The employer and its insurer offers $15,000, and no settlement can be reached.

Applicant retains an attorney, who proceeds to herd applicant to a PQME evaluation; applicant is required to take time for the evaluation, a deposition, another evaluation, and to attend several hearings and a trial.  Ultimately, the case does proceed to a trial, and the parties settle for $20,000.

The trial judge, prior to approving the C&R, reviews the settlement documents and notices that the attorney is claiming an attorney fee on the full $20,000.  But didn’t applicant get to $15,000 on his own?  If anything, the applicant’s attorney’s “efforts” resulted in money wasted by the defense, and a nice deposition fee for the AA, but not much extra for the injured worker: time wasted, unpleasant evaluations and depositions, and the “limbo” status of not knowing one’s fate.

Now, your humble blogger is a defense attorney, so why does it matter?  No, dear readers, I have no plans on leaving the Jedi to join the Sith, but given the opportunity, some note should be made of this fact pattern to allow Judges to consider such overlaps of fact and law prior to approving a settlement.  Frankly, injured workers can do the same and insist on speaking up before the C&R is approved.

As to the applicants’ attorneys – they are in no way shocked by this reasoning.  After all, this very argument is used when the attorneys of substance attempt to shake off the lien of the “headhunter attorneys” who take in a client, file an application, and then lie dormant until a real attorney picks up the case.  Then they are promptly on the scene with a lien and wanting a share of the other attorney’s fee.  (We all know who these guys are, and while your humble blogger has a healthy respect for substantive applicant’s attorneys who apply their skill and craft to secure benefits for their clients, these headhunters smack of unethical conduct that only hurts the injured worker).

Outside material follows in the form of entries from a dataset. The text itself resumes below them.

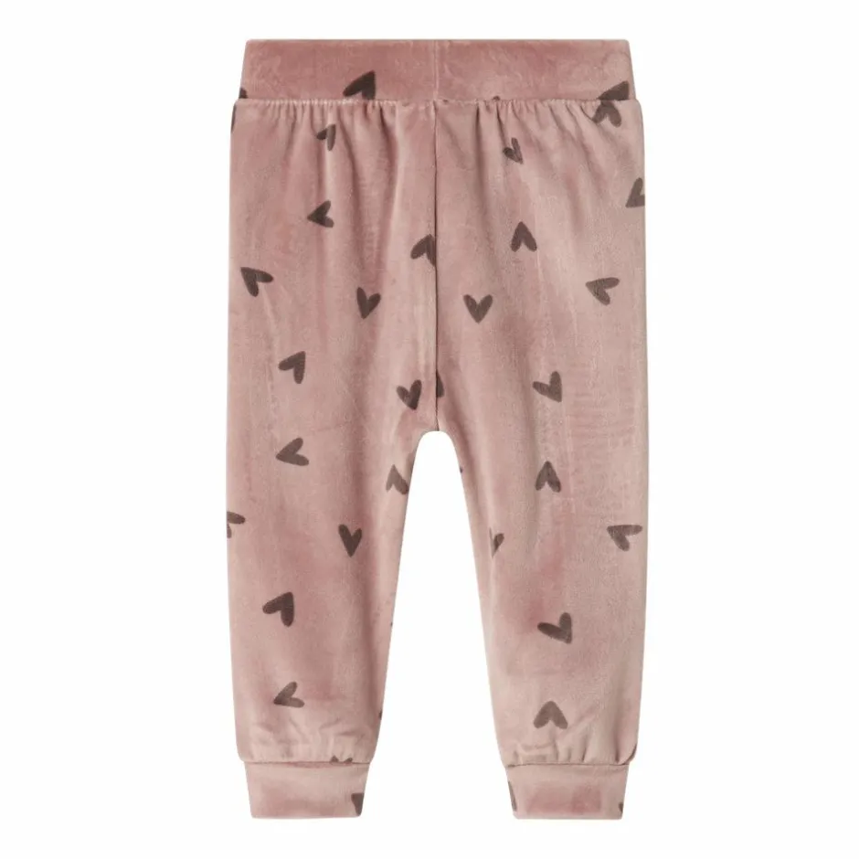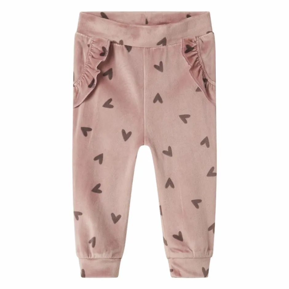 Guppy baby bukser i lækker blød velour. Bukserne har justerbar elastik i taljen og de fineste detaljer som en flæsekant foran i siderne og et sødt all-over print af små hjerter. Perfekt til både hverdag og festlige lejligheder.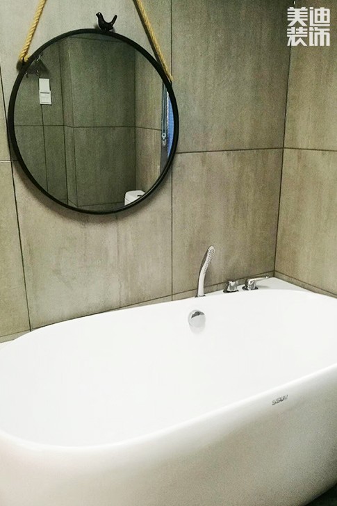 衛(wèi)生間采用圓形的鏡子,給人舒適的視覺體驗;搭配著規(guī)則圖案的瓷磚拼貼,增添藝術設計感,提升家裝的整體品質,打造出的專屬家裝風格。
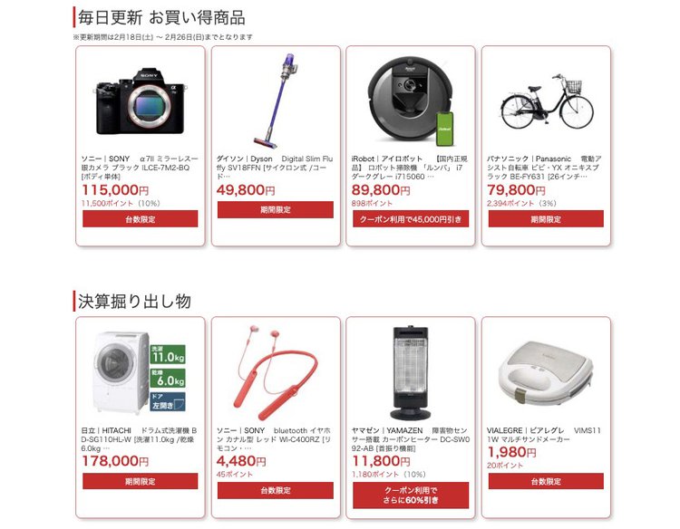 HOME > ニュース > AV&ホームシアターニュース 期間限定のお買い得品が多数 ビックカメラcomの決算セール、65型BRAVIAやルンバ上位機、ダイソン掃除機など安く PHILE WEB 2023年02月25日 毎日更新のお買い得商品と決算掘り出し物の一部 この写真の記事へ 関連リンク ビックカメラ.comで詳細を見る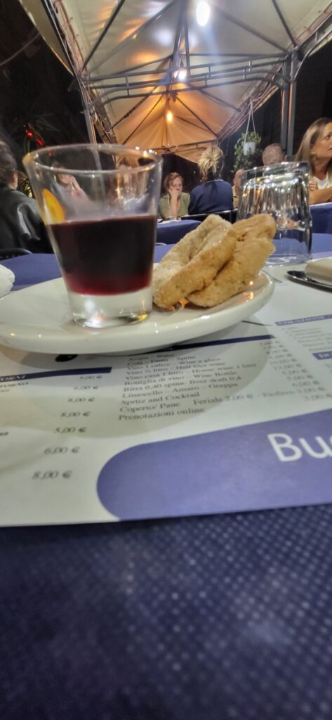And then I had pudding – kind of the equivalent of my Mum dunking gingernut biscuits in her tea but Italian style – Ciambelline al Vino – biscuits that you dunk in wine and they were good and I had plans to come back for a 3rd night but…..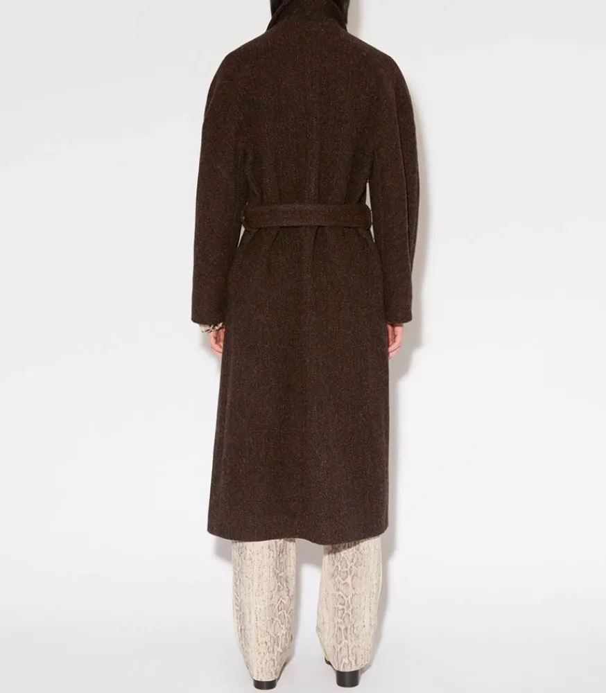 Manteau Lennon Max Choco De La Marque Roseanna. De Par Sa Longueur Et Sa Composition En Tweed De Laine Vierge Chiné À Chevrons, Ce Manteau Vous Tiendra Au Chaud Tout L’Hiver. Un Modèle Inspiré De L’Icône Musicale : John Lennon.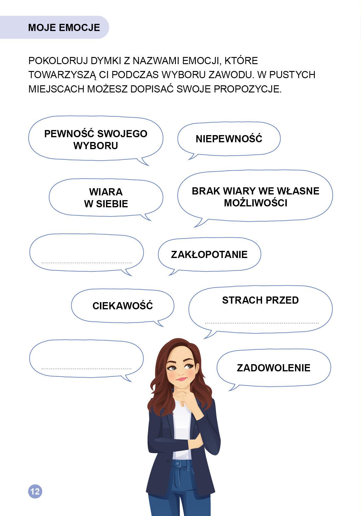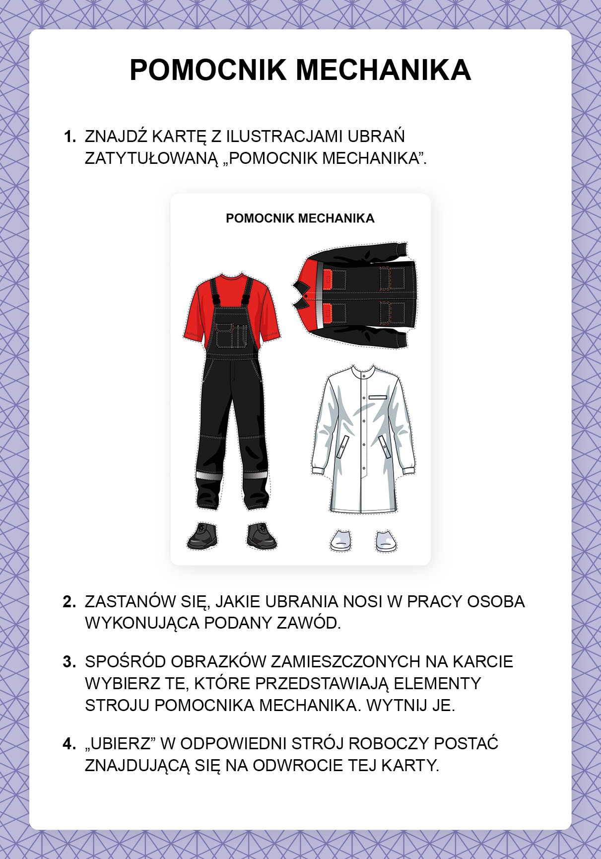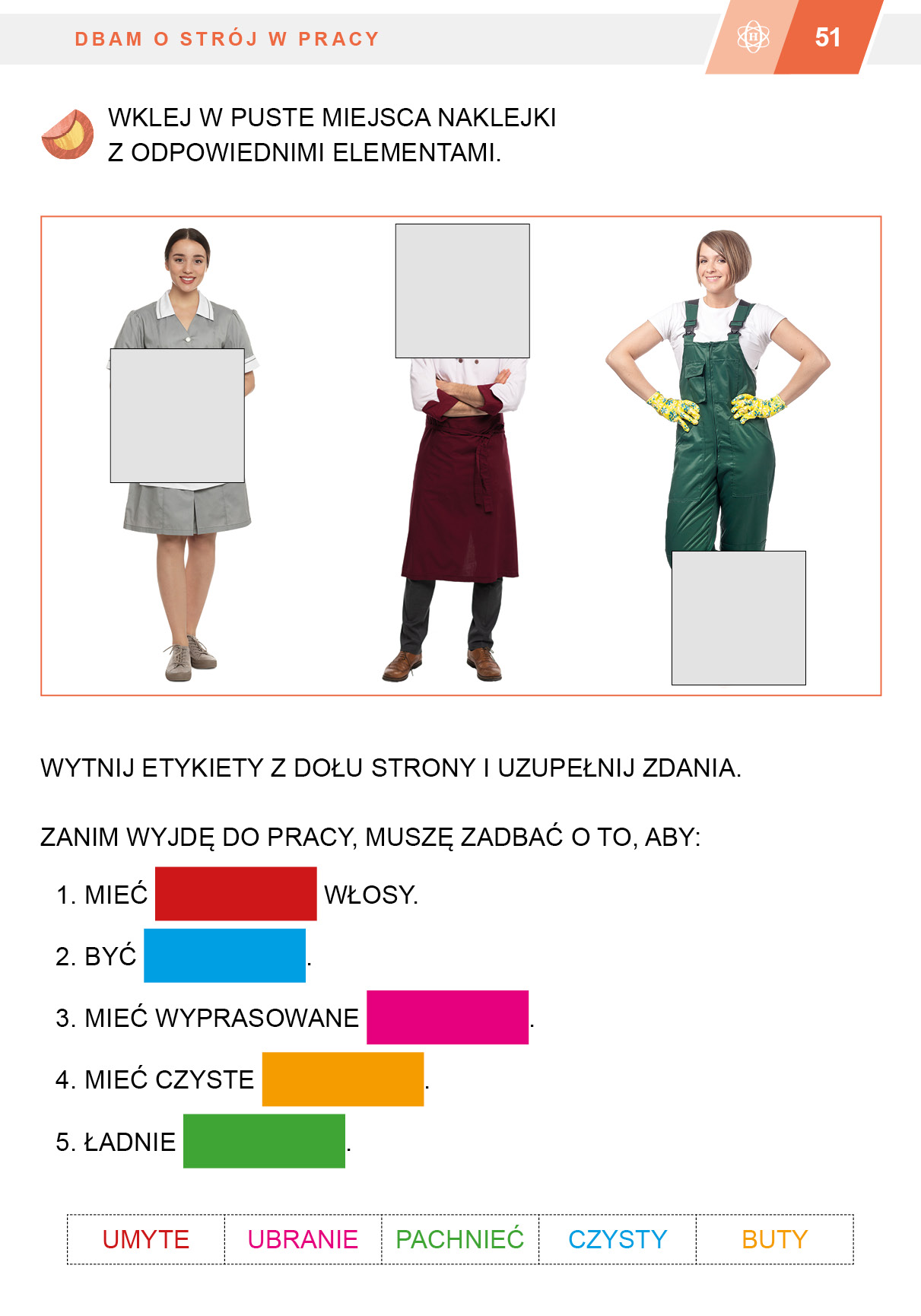 W teczce wraz z kartami pracy znajdują się również dzienniczek coachingowy oraz plansze do nauki doboru stroju roboczego.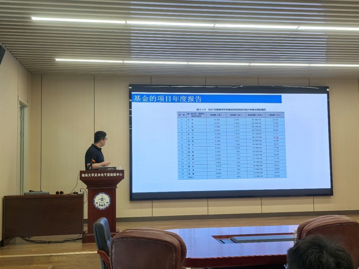 2025年10月25日上午,海南大学精密仪器高等研究中心(分析测试中心)(以下简称“中心”)邀请郑州大学国家级人才程少博教授做了主题为“国家自然科学基金申报经验及注意事项”的精彩报告。报告会现场气氛热烈,中心以及热带海洋工程材料及评价全国重点实验室等校内其他院系的众多科研人员、教师齐聚皮米电子显微镜中心122会议室,聆听这场关于基金申报的宝贵经验分享。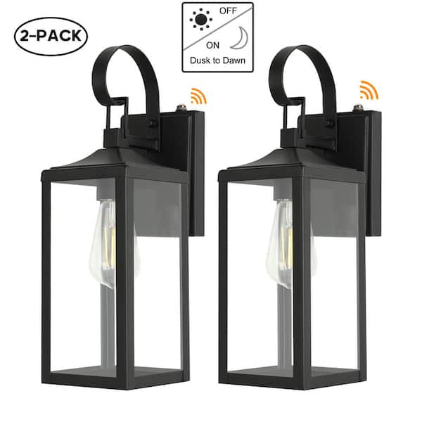 Castle 1-Light 16in. Dusk to Dawn Outdoor Wall Light with Matte Black Finish and Clear glass shade(2-pack)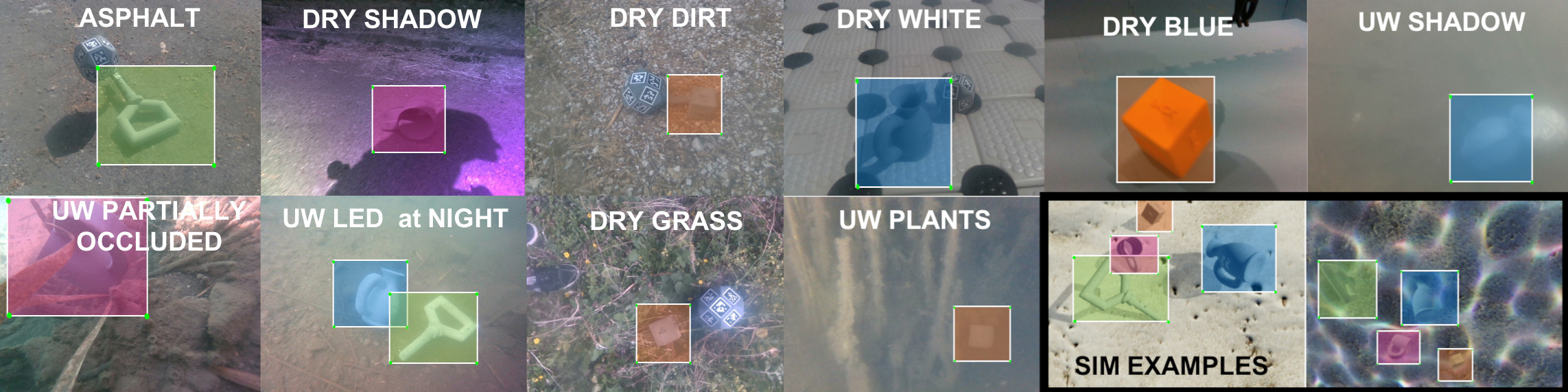 We have developed a comprehensive dataset for object detection and 6D pose estimation in both underwater and dry environments, comprising both synthetic and real-world data. The dataset focuses on four objects of interest for underwater intervention.

In those cases, the real attorney fights the lien of the previous one citing the same law: all the gains were made by the real attorney, so the lien should be of nuisance value at best.

If you are of the mindset that you will treat the injured worker fairly, and an applicant’s attorney can only increase your expenses but not deliver any benefit to the injured worker, then requesting a reduced attorney fee both benefits the worker and discourages scorched-Earth attorneys from taking the case, or at least doing some sort of reasonable triage/intake analysis before signing on.

Just something to bear in mind, dear readers, as the California State Ship Workers’ Comp keeps puffing along the Iceberg Sea.